### About this task
Using the data that follows, return exactly the lines from the one that contains "Agenda >>Loto - Concours" through the one that contains "One pair of silver", ends included.

____ Task data

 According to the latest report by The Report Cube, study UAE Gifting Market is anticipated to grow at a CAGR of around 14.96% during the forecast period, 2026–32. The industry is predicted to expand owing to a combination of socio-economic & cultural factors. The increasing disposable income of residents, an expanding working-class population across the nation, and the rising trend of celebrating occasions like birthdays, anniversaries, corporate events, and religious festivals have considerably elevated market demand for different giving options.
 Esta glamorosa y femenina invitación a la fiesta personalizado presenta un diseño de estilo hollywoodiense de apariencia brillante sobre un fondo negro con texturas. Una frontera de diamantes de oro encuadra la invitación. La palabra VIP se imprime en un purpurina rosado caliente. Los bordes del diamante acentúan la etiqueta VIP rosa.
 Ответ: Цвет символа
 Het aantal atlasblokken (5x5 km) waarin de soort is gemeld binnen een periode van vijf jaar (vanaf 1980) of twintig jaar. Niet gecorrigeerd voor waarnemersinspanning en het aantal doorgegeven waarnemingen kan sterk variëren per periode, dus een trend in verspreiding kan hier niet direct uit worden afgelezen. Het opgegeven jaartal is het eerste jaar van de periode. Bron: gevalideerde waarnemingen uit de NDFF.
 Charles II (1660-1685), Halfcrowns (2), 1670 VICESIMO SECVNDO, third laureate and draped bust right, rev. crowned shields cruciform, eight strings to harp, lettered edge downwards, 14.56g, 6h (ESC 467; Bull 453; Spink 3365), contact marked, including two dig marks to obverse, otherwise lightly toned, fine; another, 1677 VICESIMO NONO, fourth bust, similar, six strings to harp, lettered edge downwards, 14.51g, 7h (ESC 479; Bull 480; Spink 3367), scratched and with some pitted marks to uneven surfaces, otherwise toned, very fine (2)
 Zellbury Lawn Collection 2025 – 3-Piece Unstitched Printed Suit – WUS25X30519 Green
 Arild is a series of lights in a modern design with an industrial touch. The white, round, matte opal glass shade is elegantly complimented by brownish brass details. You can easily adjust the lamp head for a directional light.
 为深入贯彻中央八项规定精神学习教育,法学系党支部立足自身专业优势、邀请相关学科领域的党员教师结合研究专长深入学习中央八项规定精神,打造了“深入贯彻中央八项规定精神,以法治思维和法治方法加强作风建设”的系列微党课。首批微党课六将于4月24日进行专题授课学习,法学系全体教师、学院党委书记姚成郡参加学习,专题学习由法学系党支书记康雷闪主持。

________
____ Task data

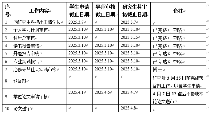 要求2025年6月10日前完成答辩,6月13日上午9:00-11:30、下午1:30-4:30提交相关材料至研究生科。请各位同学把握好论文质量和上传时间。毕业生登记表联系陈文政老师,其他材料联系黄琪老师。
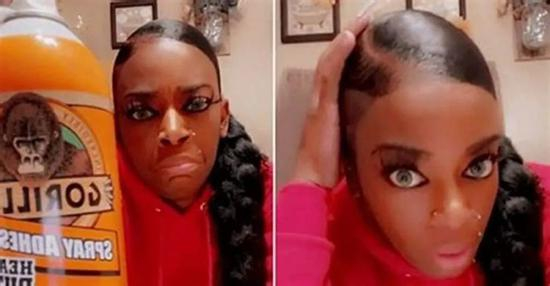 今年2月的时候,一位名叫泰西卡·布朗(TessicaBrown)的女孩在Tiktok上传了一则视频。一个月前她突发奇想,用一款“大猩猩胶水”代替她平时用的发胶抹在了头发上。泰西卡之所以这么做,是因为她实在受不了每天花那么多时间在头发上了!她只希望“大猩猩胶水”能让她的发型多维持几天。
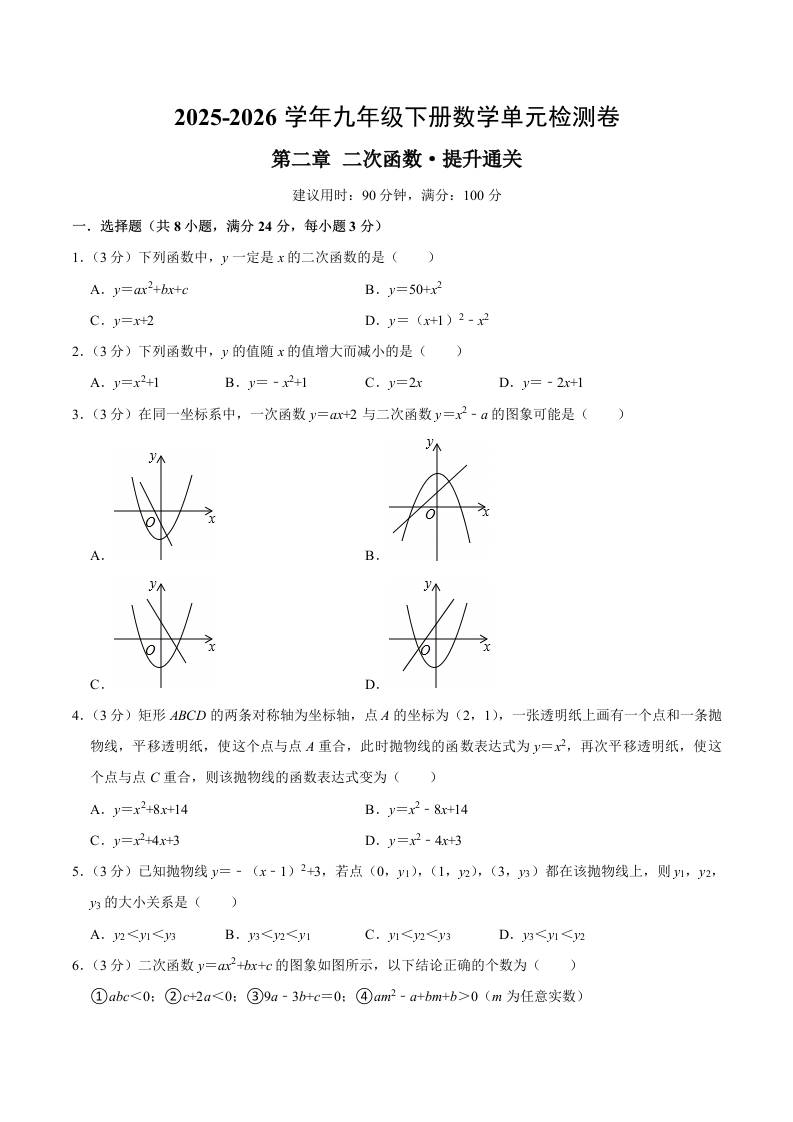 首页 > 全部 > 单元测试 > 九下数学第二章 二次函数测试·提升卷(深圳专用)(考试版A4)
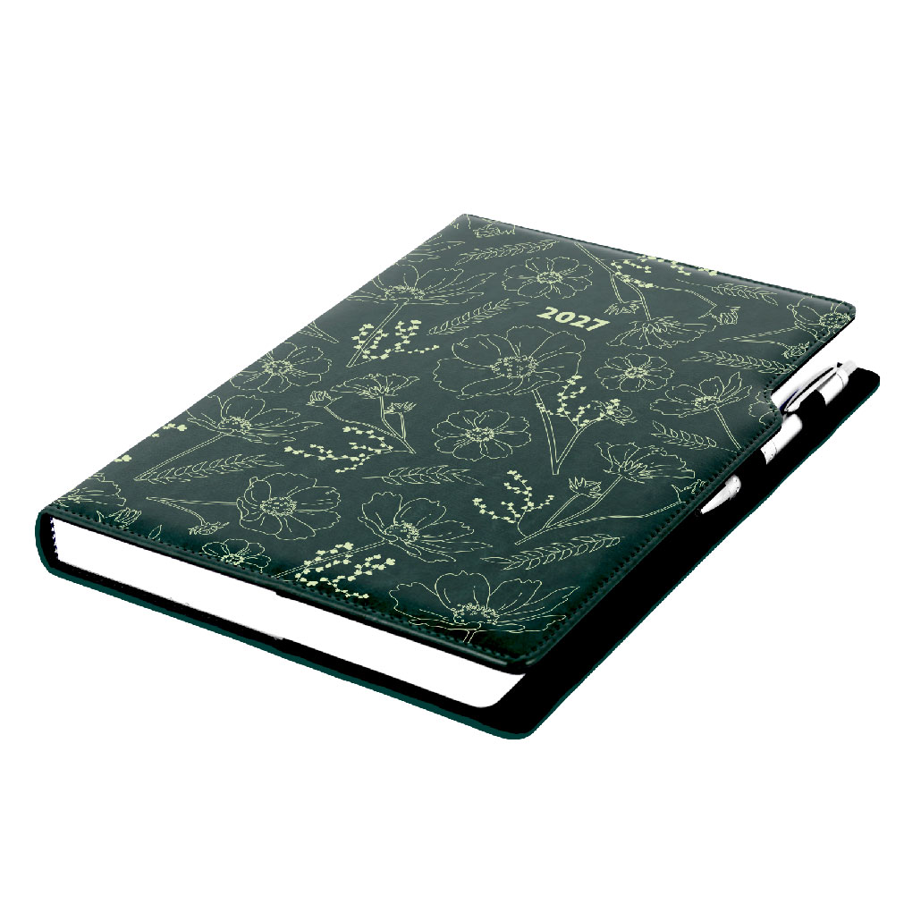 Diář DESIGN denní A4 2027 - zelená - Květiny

________
____ Task data

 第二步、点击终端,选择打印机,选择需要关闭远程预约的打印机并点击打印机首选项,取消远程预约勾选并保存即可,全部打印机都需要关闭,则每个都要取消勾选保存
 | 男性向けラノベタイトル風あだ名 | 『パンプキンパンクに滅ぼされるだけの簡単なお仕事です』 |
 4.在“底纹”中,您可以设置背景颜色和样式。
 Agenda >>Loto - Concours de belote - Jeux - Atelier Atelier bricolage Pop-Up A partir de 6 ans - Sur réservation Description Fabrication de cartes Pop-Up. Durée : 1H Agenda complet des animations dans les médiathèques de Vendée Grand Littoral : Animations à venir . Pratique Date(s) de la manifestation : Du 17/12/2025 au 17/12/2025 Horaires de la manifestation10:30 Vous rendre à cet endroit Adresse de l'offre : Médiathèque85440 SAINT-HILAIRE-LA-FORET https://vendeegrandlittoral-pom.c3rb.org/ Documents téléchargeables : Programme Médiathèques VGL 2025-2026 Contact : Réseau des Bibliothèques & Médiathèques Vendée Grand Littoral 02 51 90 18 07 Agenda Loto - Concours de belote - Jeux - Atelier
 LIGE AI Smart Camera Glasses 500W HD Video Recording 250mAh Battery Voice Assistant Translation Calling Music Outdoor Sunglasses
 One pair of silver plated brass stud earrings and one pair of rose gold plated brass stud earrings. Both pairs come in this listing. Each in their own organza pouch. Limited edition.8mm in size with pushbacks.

________

### Problem solution
 Agenda >>Loto - Concours de belote - Jeux - Atelier Atelier bricolage Pop-Up A partir de 6 ans - Sur réservation Description Fabrication de cartes Pop-Up. Durée : 1H Agenda complet des animations dans les médiathèques de Vendée Grand Littoral : Animations à venir . Pratique Date(s) de la manifestation : Du 17/12/2025 au 17/12/2025 Horaires de la manifestation10:30 Vous rendre à cet endroit Adresse de l'offre : Médiathèque85440 SAINT-HILAIRE-LA-FORET https://vendeegrandlittoral-pom.c3rb.org/ Documents téléchargeables : Programme Médiathèques VGL 2025-2026 Contact : Réseau des Bibliothèques & Médiathèques Vendée Grand Littoral 02 51 90 18 07 Agenda Loto - Concours de belote - Jeux - Atelier
 LIGE AI Smart Camera Glasses 500W HD Video Recording 250mAh Battery Voice Assistant Translation Calling Music Outdoor Sunglasses
 One pair of silver plated brass stud earrings and one pair of rose gold plated brass stud earrings. Both pairs come in this listing. Each in their own organza pouch. Limited edition.8mm in size with pushbacks.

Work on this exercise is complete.